Kemudian, berkas-berkas cahaya perak menembak turun dari langit ke arah Liu Lu. Setiap benda yang dilempar manusia misterius berbalut kain hitam memancarkan seberkas cahaya perak, puluhan berkas cahaya itu berjalin membentuk jaring cahaya yang menutup Liu Lu rapat-rapat. Di saat bersamaan, manusia misterius berbalut kain hitam itu kembali menerjang Liu Lu, ingin memberi pukulan pamungkas saat Liu Lu lengah.
Liu Lu tampak pasrah. Ia membalikkan badan, membelakangi musuh, berjongkok sambil memeluk kepala, mempersembahkan seluruh punggungnya pada lawan. Semua berkas cahaya perak yang mematikan itu mengenai punggung Liu Lu, tiap satu membuat tubuhnya bergetar. Manusia misterius berbalut kain hitam itu pun menerjang ke sisinya, energi dalam yang menggila menyembur dari telapak kanannya, menghantam keras tulang punggung Liu Lu.
Dalam serangkaian hantaman itu, tubuh Liu Lu seperti bola kulit, terpental dan terlempar ke dalam hutan, menabrak tiga batang pohon sebesar lengan orang dewasa hingga patah, lalu terkapar di tanah.
“Huh, terlalu tinggi diri.” Pendeta Iblis memandang Liu Lu dari kejauhan dengan sinis. Ia segera menarik manusia misterius berbalut kain hitam kembali, merasa sebaiknya pergi sebelum bala bantuan Liu Lu datang.
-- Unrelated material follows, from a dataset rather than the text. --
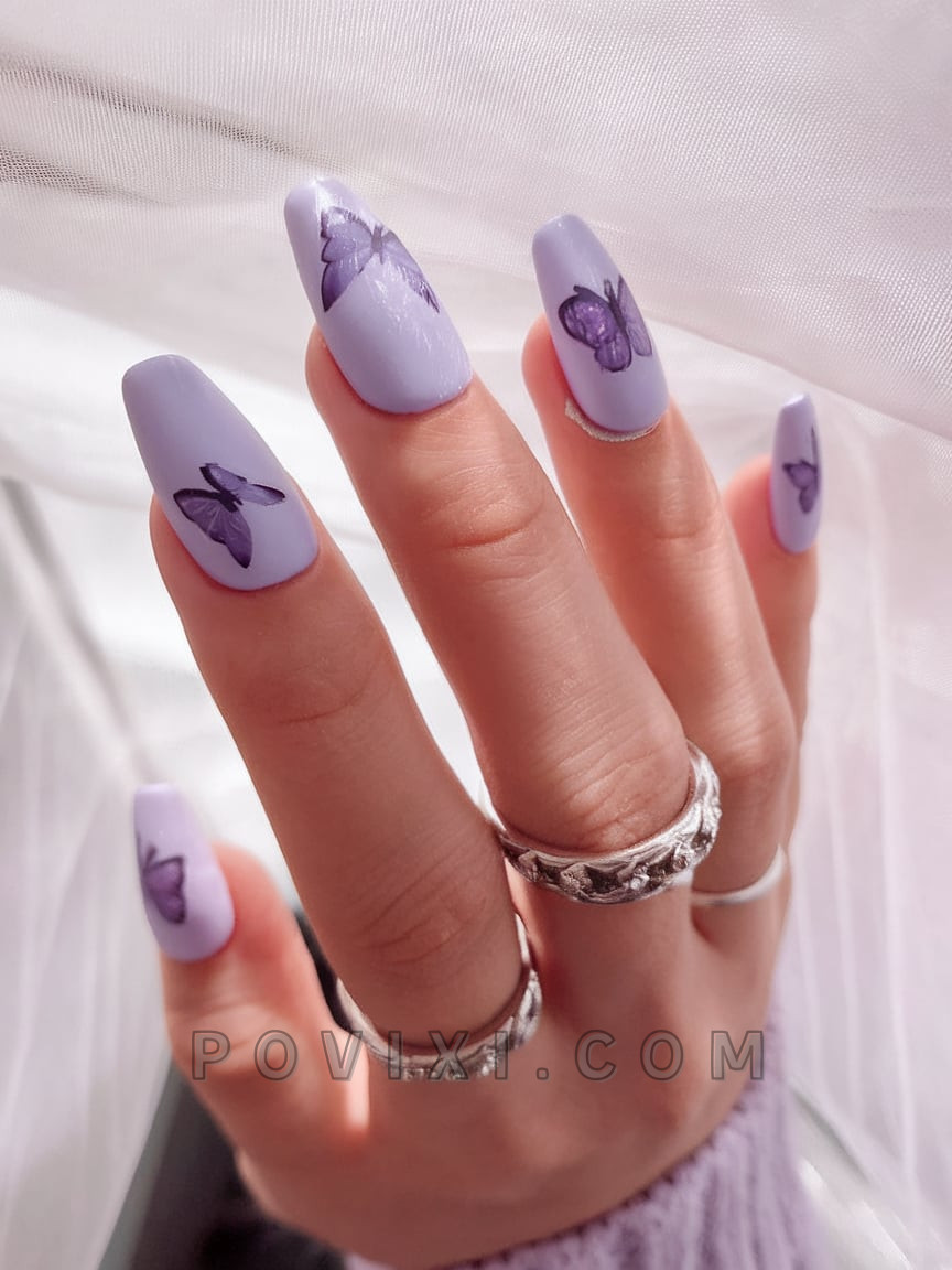 The lavender gel nail set presents a delicate and fluffy design that features elegant butterfly decals in deeper shades of purple. This fashionable spring/summer option features a pastel balance alongside delicate artwork that creates a dreamy, pretty look. The medium coffin shape provides elegant everyday wearability.

Pondok kayu itu tampaknya sudah tak aman lagi. Pendeta Iblis pun tak berniat tinggal lebih lama, ia membawa manusia misterius berbalut kain hitam turun gunung. Namun baru melangkah beberapa langkah, ia tiba-tiba berhenti. Ia merasa ada yang tidak beres di belakang, tak tahan menoleh, dan betul saja, Liu Lu ternyata sudah berdiri tegak di tepi hutan, menatapnya tajam.
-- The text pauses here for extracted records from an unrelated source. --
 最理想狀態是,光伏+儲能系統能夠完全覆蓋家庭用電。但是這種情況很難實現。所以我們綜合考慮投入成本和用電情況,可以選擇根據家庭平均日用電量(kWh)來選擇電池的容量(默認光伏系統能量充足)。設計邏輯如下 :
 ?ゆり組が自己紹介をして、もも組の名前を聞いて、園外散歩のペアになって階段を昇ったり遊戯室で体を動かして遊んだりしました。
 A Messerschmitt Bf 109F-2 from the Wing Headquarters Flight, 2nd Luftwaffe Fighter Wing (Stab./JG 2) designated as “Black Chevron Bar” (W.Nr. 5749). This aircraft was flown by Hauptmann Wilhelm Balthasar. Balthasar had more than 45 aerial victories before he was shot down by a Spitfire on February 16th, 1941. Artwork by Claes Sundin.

Pendeta Iblis tertegun. Ia sudah beberapa kali bertarung dengan Liu Lu dan tahu betul tingkatannya tak lebih dari tahap Fondasi. Bagaimana mungkin ia masih hidup setelah serangan penuh manusia misterius berbalut kain hitam? Namun Liu Lu juga jelas tidak tanpa luka, satu tangannya menekan dada, sudut bibirnya kembali berdarah.
“Anak muda, kalau kau memang ingin mati, jangan salahkan aku!” ujar Pendeta Iblis. Ia memutuskan lebih baik membunuh Liu Lu lebih dulu. Soal bantuan Liu Lu, ia yakin dengan tingkatannya, Liu Lu tak mungkin membawa bala bantuan yang benar-benar kuat. Setelah Liu Lu mati, walau bala bantuan datang pun ia tak takut.
Niat membunuh Pendeta Iblis semakin kuat, matanya yang didominasi hitam kini memerah. Ia tak lagi membentuk mudra, melainkan langsung mengarahkan tangannya ke manusia misterius berbalut kain hitam. Sepuluh aliran energi dalam menembak dari sepuluh ujung jarinya, melesat seperti benang halus masuk ke bagian belakang kepala manusia misterius itu, menyalurkan kesadarannya langsung ke tubuhnya.
“Grrr!” Manusia misterius berbalut kain hitam itu meraung rendah, kedua tangannya mengepal dan menghentak tanah dengan keras. Seketika itu juga, pusaran angin kencang tercipta di sekelilingnya, membawa serta ribuan bilah tak kasat mata, memotong bersih rerumputan di tanah hingga rata. Rumput-rumput itu pun ikut terangkat dan membentuk pusaran bersamanya, tegak lurus bagaikan puluhan ribu belati setengah hasta, ujungnya berkilau hijau keperakan.
“Grrr!” Sekali lagi manusia misterius itu meraung, satu kakinya kembali menghentak tanah, dan pusaran angin itu lepas dari tubuhnya, mengamuk mengarah ke Liu Lu.
Pusaran itu memang tidak terlalu besar, hanya seukuran dipeluk satu orang dewasa, lajunya pun tidak sampai mustahil dihindari. Serangan kali ini, meski mungkin lebih kuat dari sebelumnya, tidak memberi ancaman besar bagi Liu Lu. Ia masih punya ruang untuk menghindar.